Main Ingredients for Preparing Eggs with Avocado:

Eggs with Avocado

 

  • ½ cup of sliced mushrooms
  • ½ teaspoon of ground black pepper
  • 1 cup of roughly chopped arugula
  • 2 large avocados
  • ¼ cup of pomegranate seeds
  • 6 large eggs
  • 1 cup of diced tomatoes (medium-sized cubes)
  • ½ teaspoon of salt (adjust to taste)
  • 2 tablespoons of sunflower oil
  • Sliced bread (or soft toast)

How to Prepare Eggs with Avocado:

  1. First, wash the tomatoes thoroughly and cut them into medium-sized cubes. Cut the avocado in half lengthwise using a sharp knife, remove the pit, and set the halves aside. Scoop out the flesh of each avocado half with a spoon, and repeat this process with the second avocado.
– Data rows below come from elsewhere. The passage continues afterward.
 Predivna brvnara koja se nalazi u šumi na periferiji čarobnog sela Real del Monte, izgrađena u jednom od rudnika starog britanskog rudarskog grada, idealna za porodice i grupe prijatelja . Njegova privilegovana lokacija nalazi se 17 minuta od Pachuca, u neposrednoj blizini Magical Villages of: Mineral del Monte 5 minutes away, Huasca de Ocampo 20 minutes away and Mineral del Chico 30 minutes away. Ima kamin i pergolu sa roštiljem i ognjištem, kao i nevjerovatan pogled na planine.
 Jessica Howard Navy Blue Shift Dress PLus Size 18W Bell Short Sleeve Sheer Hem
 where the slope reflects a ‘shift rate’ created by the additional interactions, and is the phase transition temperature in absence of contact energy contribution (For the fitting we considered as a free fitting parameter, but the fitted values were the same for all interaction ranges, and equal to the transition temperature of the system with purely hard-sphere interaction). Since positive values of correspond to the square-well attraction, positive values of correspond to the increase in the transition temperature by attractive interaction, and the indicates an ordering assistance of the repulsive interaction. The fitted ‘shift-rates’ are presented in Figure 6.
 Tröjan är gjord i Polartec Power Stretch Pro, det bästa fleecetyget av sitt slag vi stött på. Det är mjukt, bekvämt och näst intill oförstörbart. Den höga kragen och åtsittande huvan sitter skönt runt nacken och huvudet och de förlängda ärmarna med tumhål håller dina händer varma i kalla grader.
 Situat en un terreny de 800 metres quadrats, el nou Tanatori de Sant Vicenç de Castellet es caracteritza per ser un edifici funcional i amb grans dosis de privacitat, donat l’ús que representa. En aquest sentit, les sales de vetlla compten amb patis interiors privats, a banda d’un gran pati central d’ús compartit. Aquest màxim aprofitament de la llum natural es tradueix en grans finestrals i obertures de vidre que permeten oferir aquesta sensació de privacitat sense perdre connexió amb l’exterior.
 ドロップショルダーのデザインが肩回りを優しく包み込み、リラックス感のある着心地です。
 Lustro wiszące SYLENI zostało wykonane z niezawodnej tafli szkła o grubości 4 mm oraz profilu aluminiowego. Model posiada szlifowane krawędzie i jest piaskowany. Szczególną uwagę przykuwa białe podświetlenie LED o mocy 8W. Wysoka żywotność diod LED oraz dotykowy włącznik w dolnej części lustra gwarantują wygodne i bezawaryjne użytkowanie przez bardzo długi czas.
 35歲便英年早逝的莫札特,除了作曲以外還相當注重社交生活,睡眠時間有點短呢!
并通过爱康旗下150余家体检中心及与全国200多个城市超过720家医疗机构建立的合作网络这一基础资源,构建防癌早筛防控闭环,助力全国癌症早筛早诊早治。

  2. In a wide, deep bowl, mash the avocado flesh with a fork and set it aside. Now, prepare the poached eggs by bringing two cups of water and some salt to a boil in a deep pot over medium heat. Add two eggs and cook them for 5 minutes until fully set. Remove the eggs and place them in a small dish.

  3. Next, boil the remaining 4 eggs in a medium-sized pot with 4 cups of water, adding salt and a bit of vinegar. Let the water boil, then add the eggs, cooking them for about 3 minutes. Remove them and set them in another dish.
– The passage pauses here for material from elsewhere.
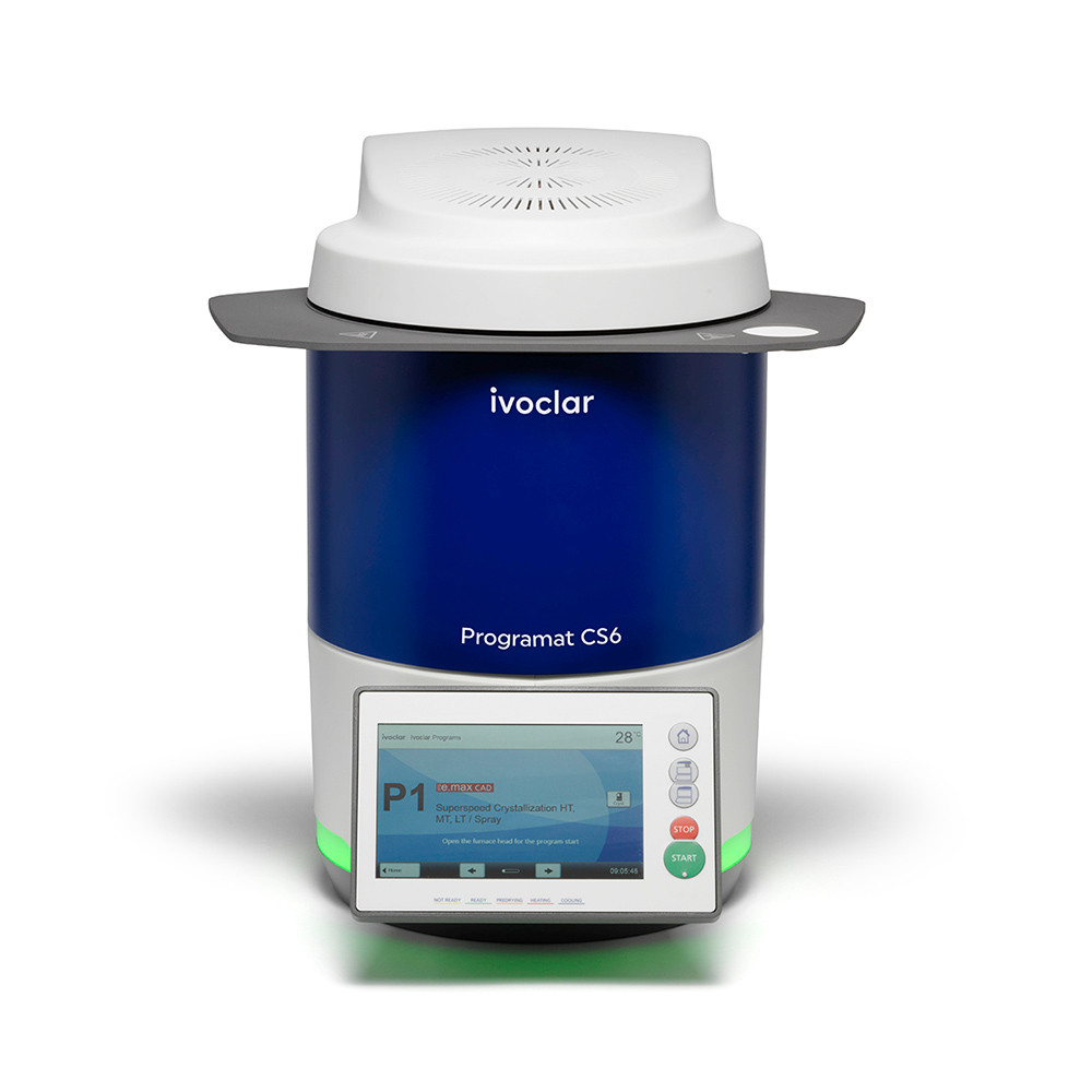 Der Programat CS6 ist ein Kombiofen zum schnellen Sintern, Kristallisieren und Glasieren. Durch die innovative Technologie der Brennkammer können Restaurationen aus Blöcken bis zu Größe B55 in kürzester Zeit verarbeitet werden. Das neue Öffnungsprinzip optimiert und beschleunigt den Vortrocknungsprozess, indem die warme Luft aus der Brennkammer aufsteigt und die Restauration von unten trocknet. Die kompakte Brennkammer und das neue Öffnungsprinzip reduzieren die Programmlaufzeiten für Ivoclar Materialien wesentlich,  um die Prozesszeit in der Zahnarztpraxis auf ein Minimum zu reduzieren. Durch das Vakuum beim Sinterprozess, welches einzigartig in der Dentalwelt ist, können die Programmlaufzeiten der IPS e.max ZirCAD Materialien deutlich verkürzt werden. Gleichzeitig kann die Ästhetik der Restauration im Vergleich zu anderen Chairside-Öfen erheblich erhöht werden. Neben den vorinstallierten Programmen für Ivoclar Materialien können auch Programme für Fremdmaterialien ganz einfach selbständig erstellt werden.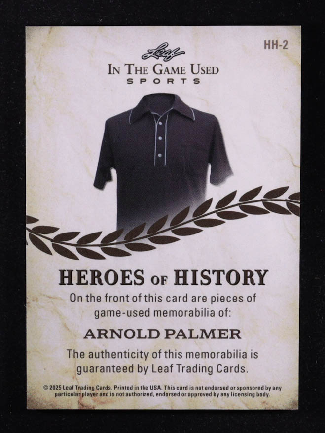 Arnold Palmer 2025 Leaf ITG Used Sports Heroes Of History Triple Relic Black Foil #HH2 #1/3

  4. In a heavy-bottomed pan, heat sunflower oil over medium heat. Once hot, add the sliced mushrooms and ground black pepper. Stir with a wooden spoon until the mushrooms soften and release their water, which should evaporate. Turn off the heat and set the mushrooms aside.

  5. Now, slice the 4 boiled eggs in half lengthwise. Place the mashed avocado in a piping bag fitted with a decorating nozzle. Arrange the arugula on a serving plate and place the halved eggs on top. Pipe some mashed avocado onto the eggs and scatter the diced tomatoes over the plate.
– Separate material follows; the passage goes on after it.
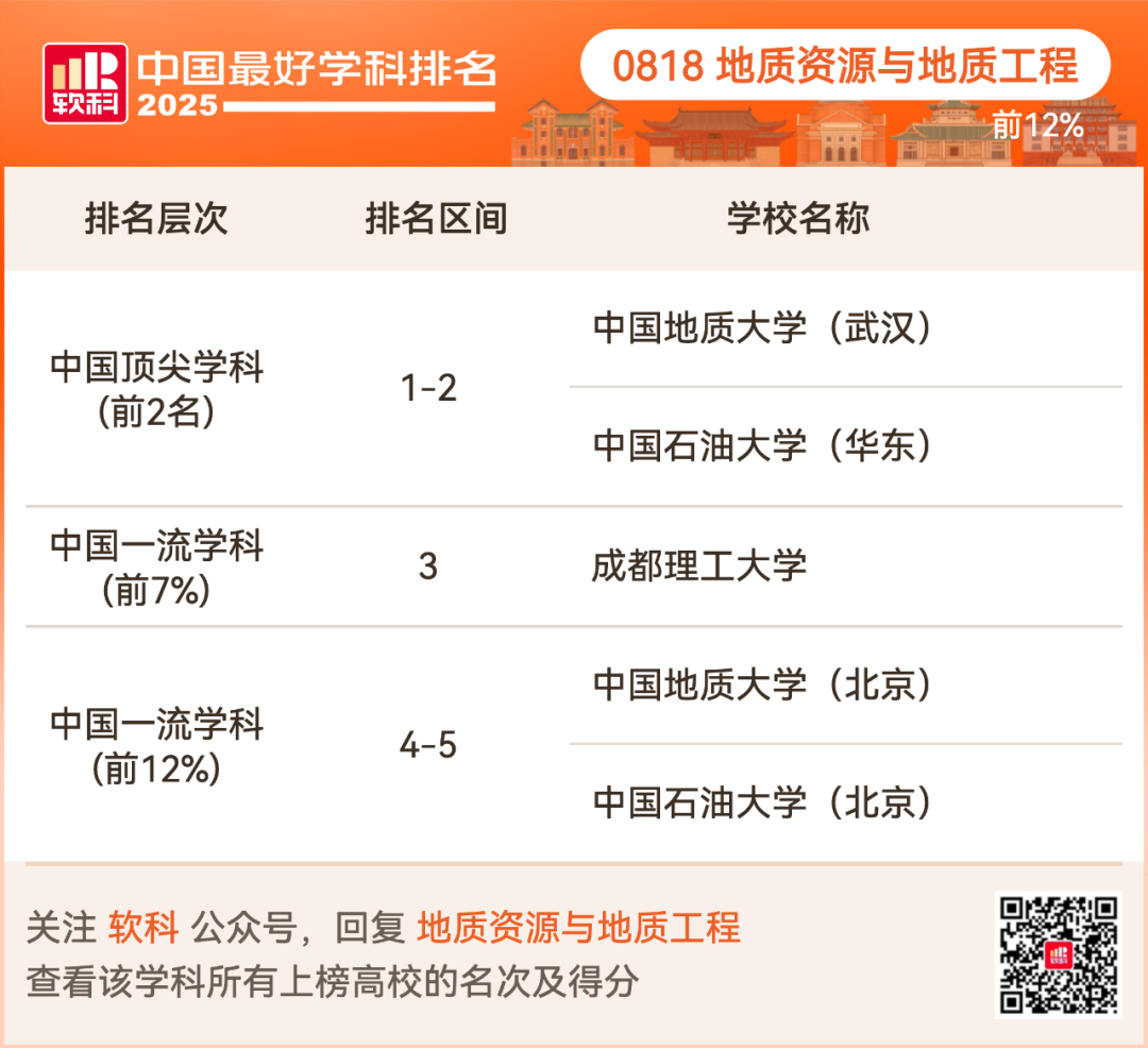 地质资源与地质工程排名前12%的高校:

  6. Place the sliced bread or toast on the plate, spread more mashed avocado on top, and carefully place the poached eggs on the bread using a wide spoon.

  7. Finally, garnish the dish with the cooked mushroom slices and pomegranate seeds, and serve immediately.

Enjoy your flavorful and nutritious eggs with avocado!